Solve these equations simultaneously (trig) Solve for $ x,y: $ 
\begin{equation}\cos x -\cos(x+y) = 0
\end{equation}
\begin{equation}\cos y -\cos(x+y) = 0
\end{equation}
The answers are $(0, 0), (\frac{2\pi}{3}, \frac{2\pi}{3})$. 
I get $(0, 0)$, but how do you get the latter?
Sorry if this is a bit basic - I don't remember trig well...
tfa
 A: Given
$$\cos x-\cos(x+y)=0\\
\cos y-\cos(x+y)=0$$
Subtracting the second equation from the first yields
$$\cos x=\cos y$$
Recall that $\cos x=\pm\sqrt{1-\sin^2x}$ and $\cos y=\pm\sqrt{1-\sin^2x}$.

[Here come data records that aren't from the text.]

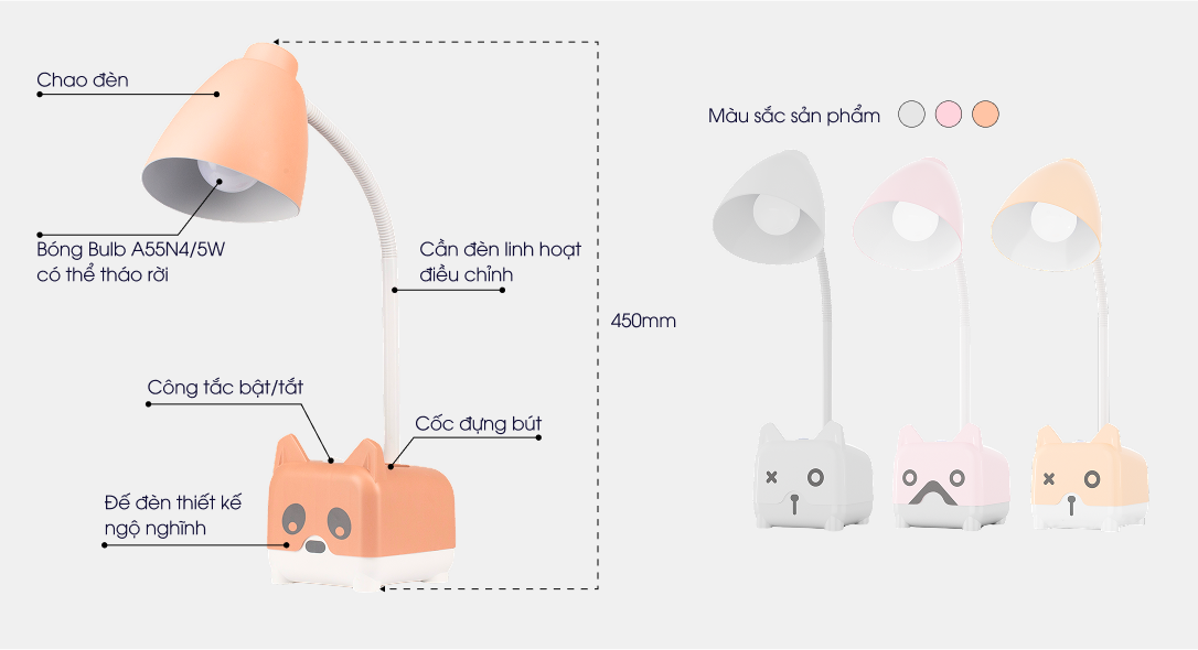 Sản phẩm có nguồn sáng nằm sâu trong chao, hạn chế chói lóa, không có hiện tượng nhấp nháy, giúp bảo vệ mắt và tăng sự tập trung khi học bài. Cần đèn cao, linh hoạt điều chỉnh góc chiếu, trường sáng, tránh hiện tượng khuất ánh sáng khi trẻ viết bài.
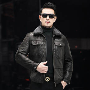 2022新款秋冬男装麂皮绒生态皮毛一体潮流飞行服机...
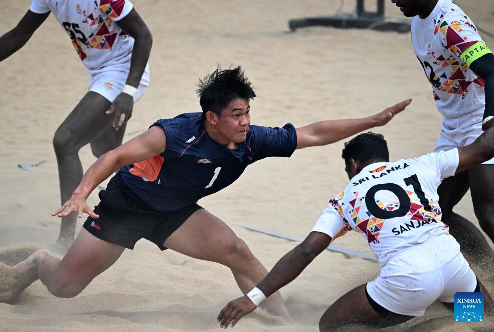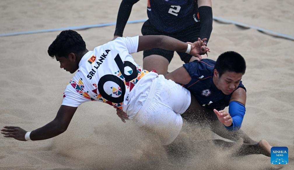 Mohammed Ansaf Mohammed Sathath (L) competes during the Beach Kabaddi Men's Team Group B match between Sri Lanka and Chinese Taipei at the 6th Asian Beach Games in Sanya, south China's Hainan Province, April 26, 2026. (Xinhua/Zhao Zishuo)
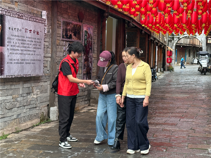 节日期间,从黄果树大瀑布,到历史悠久的天龙屯堡,再到花江峡谷大桥等新兴景点,各景区服务站点随处可见志愿者们忙碌的身影。他们身着统一服装,不仅为游客提供线路咨询、秩序引导、应急帮助等基础服务,在共青团安顺市委的有序组织下,更将志愿服务升级为“文化体验”的一部分。志愿者们创新采用“文化讲解+精准帮扶”的服务模式,深入挖掘安顺本地历史文化,将地戏表演、古建筑故事等非物质文化遗产元素融入导览讲解,让游客在观赏山水之余,沉浸式感受安顺深厚的文化底蕴和人文魅力,志愿者们还化身“活地图”和“贴心人”,为八方游客提供线路规划、景点介绍、秩序引导、应急协助和创意拍照等多样化便民服务。
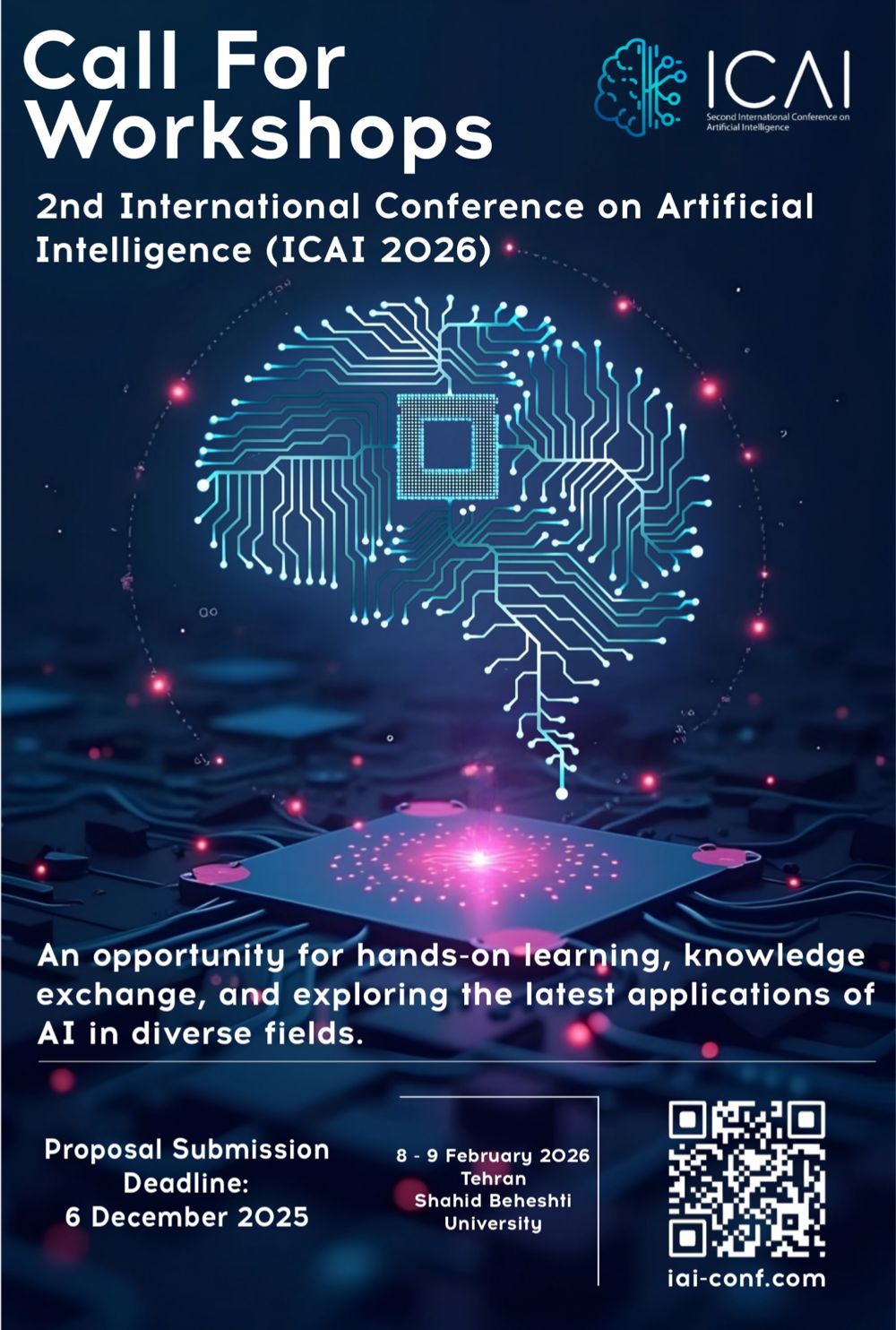 With the aim of providing a platform for the exchange of knowledge and innovative experiences in the field of Artificial Intelligence, all experts interested in conducting workshops related to the themes of the International Conference on Artificial Intelligence are invited to submit their proposals. Applicants are requested to complete the designated form and send their workshop proposal, along with the presenters’ CVs, to the email address below (with the subject line: "Workshop Proposal") no later than the deadline announced on the conference website.
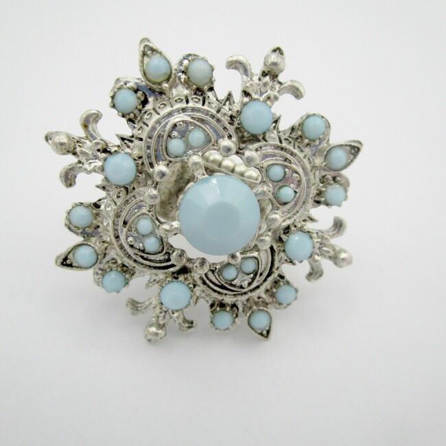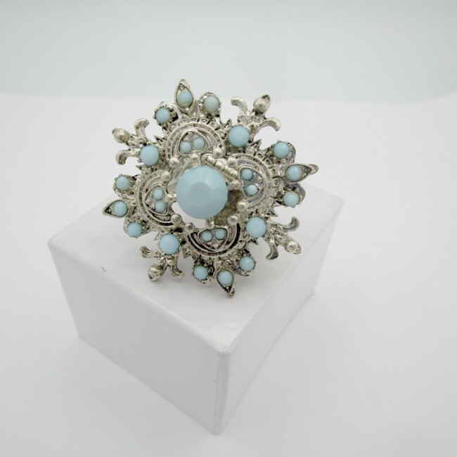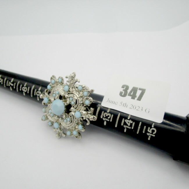 Current Bid: $5.00 [Refresh Price]YOU WILL NEED TO REFRESH THIS PAGE TO SEE UPDATED BID (Log in and this will update automatically) You must LOG IN or REGISTER to see this full page auction listing and bid. Auction is Over Winning Bid Amount: $5.00 **Lot Details: (LOT: G347) - Very unique ring, has a wonderful design, the ring band is metal but stretches to fit the wearer, in good shape and all there Log in to add this lot to your watch list or place a bid |
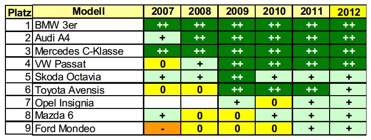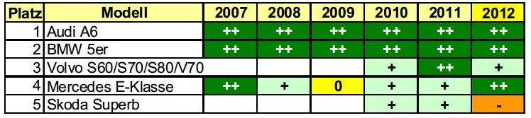Nemţii îşi continuă dominaţia prin VW Passat şi Skoda Octavia, în timp ce finalul clasamentului le revine producătorilor generalişti japonezi (Toyota şi Mazda) şi germani (Opel şi Ford). De remarcat că în nici unul dintre cazuri nu vorbim de o frecvenţă a defecţiunilor peste media clasei, maşinile de clasă medie demonstrându-se suficient de fiabile în general.
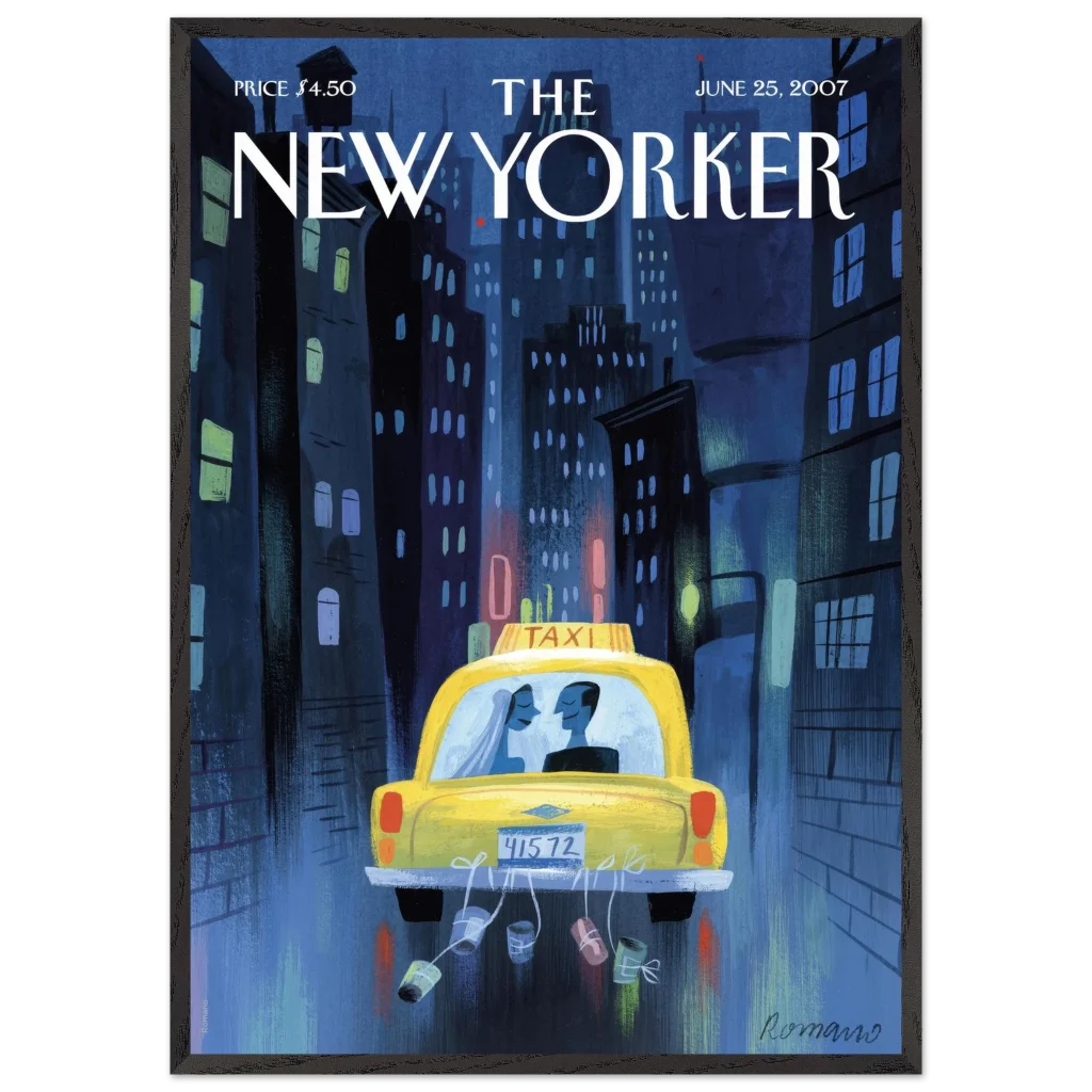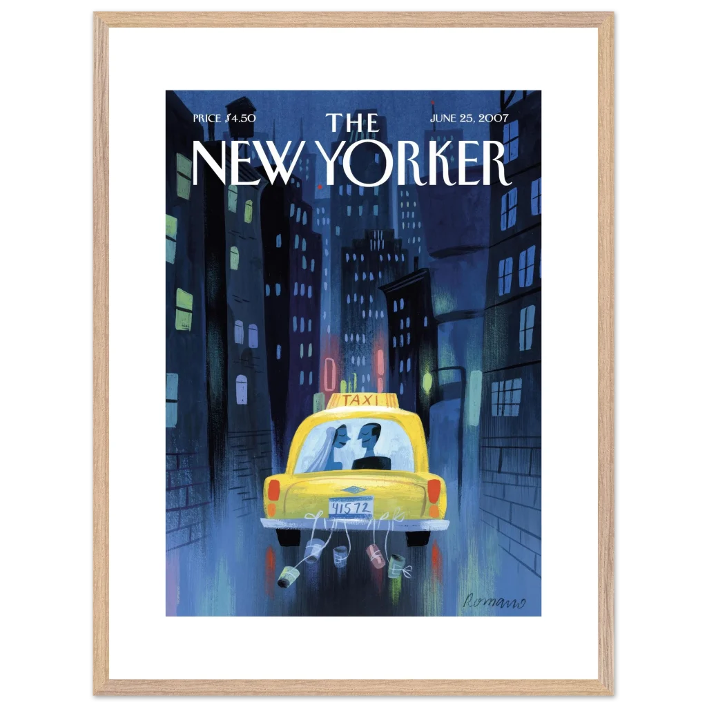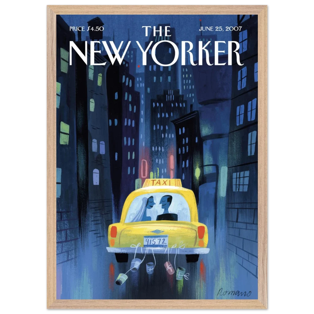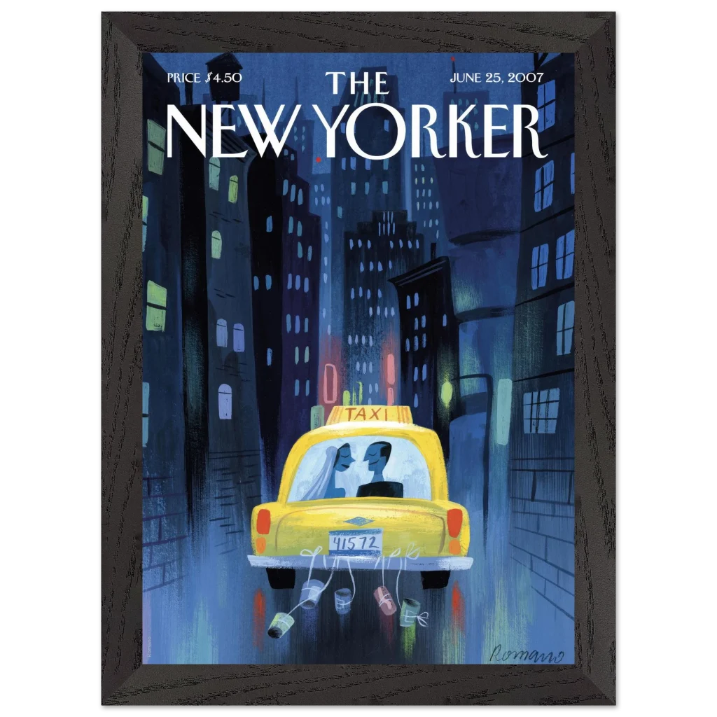 Capture the timeless romance of a New York City wedding night with this evocative art print. “Just Married in NYC” beautifully illustrates a newlywed couple in a classic yellow taxi, amidst the soft glow of city lights, making it a perfect piece for romantics, urban art lovers, or anyone who cherishes special moments. This premium framed poster brings a sophisticated yet heartfelt touch to any living space or bedroom.
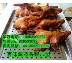百味源蒸香鸭,结合中草秘方配制技术,运用百味源制作工艺,古法腌制,加上秘制汤与料油的搭配,百味源研制油汤蒸煮技术,精制而成,真正绿色产品,打造健康饮食新理念,不运用任何香精,添加剂等有害人体成分,独创口味配方技术,实为秘方配制新产品,使蒸香鸭达到一种色,香,味俱全的真正美食,让很多创业人员实实在在的学到一门技术。
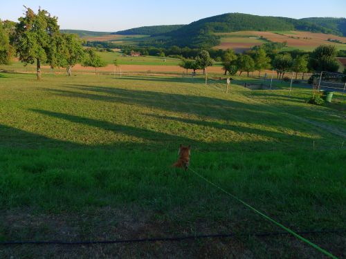 Beim Mittagsschlaf finde ich leider keine Ruhe. Außerdem fehlt uns die Aussicht, und rechts sehen wir auf das große Zementwerk. Und eine halbe Stunde später stehen wir wieder beim Kalli oben, haben freie Sicht auf die Friede-Freude-Eierkuchen-Landschaft, auf die Rinder, Esel und Pferde, oben kreist der Milan, und unsre Welt ist wieder in Ordnung.

This now becomes $\sqrt{1-\sin^2x}=\pm\sqrt{1-\sin^2y}$ yielding
$$\sin x=\pm\sin y$$
Recall that $\cos(x+y)=\cos x\cos y-\sin x\sin y$.
Thus, $\cos x-\cos(x+y)=0$ now becomes $\cos x-\cos^2x\pm\sin^2x=0$.
Solving $\cos x-\cos^2x-\sin^2x=0$ yields $\cos x=1$.
Solving $\cos x-\cos^2x+\sin^2x=0$ yields $\cos x-\cos^2x+1-\cos^2x=0$ which is equivalent to
$$(2\cos x+1)(-\cos x+1)=0$$
This yields two possibilities:  $\cos x=1$ or $\cos x=-\frac12$.  Can you do the rest?
A: We have $\cos x=\cos(x+y)=\cos y$
$\cos x=\cos y\implies x=2m\pi\pm y$ where  $m$ is any integer
Case $\#1:$
If $x=2m\pi-y,\cos y=\cos2m\pi=1\implies y=2r\pi\equiv0\pmod{2\pi}$  where  $r$ is any integer
$x\equiv-y\pmod{2\pi}\equiv-0$
Case $\#2:$
If $x=2m\pi+y,\cos y=\cos(x+y)=\cos(2m\pi+y+y)$
$\cos y=\cos2y\implies y=2n\pi\pm2y$ where  $n$ is any integer
$'+'\implies y=2n\pi+2y\iff y=-2n\pi\equiv0\pmod{2\pi}$
$'-'\implies y=2n\pi-2y\iff y=\dfrac{2n\pi}3$
A: I should begin dividing first equation by cos(x), then second by cos(y), ....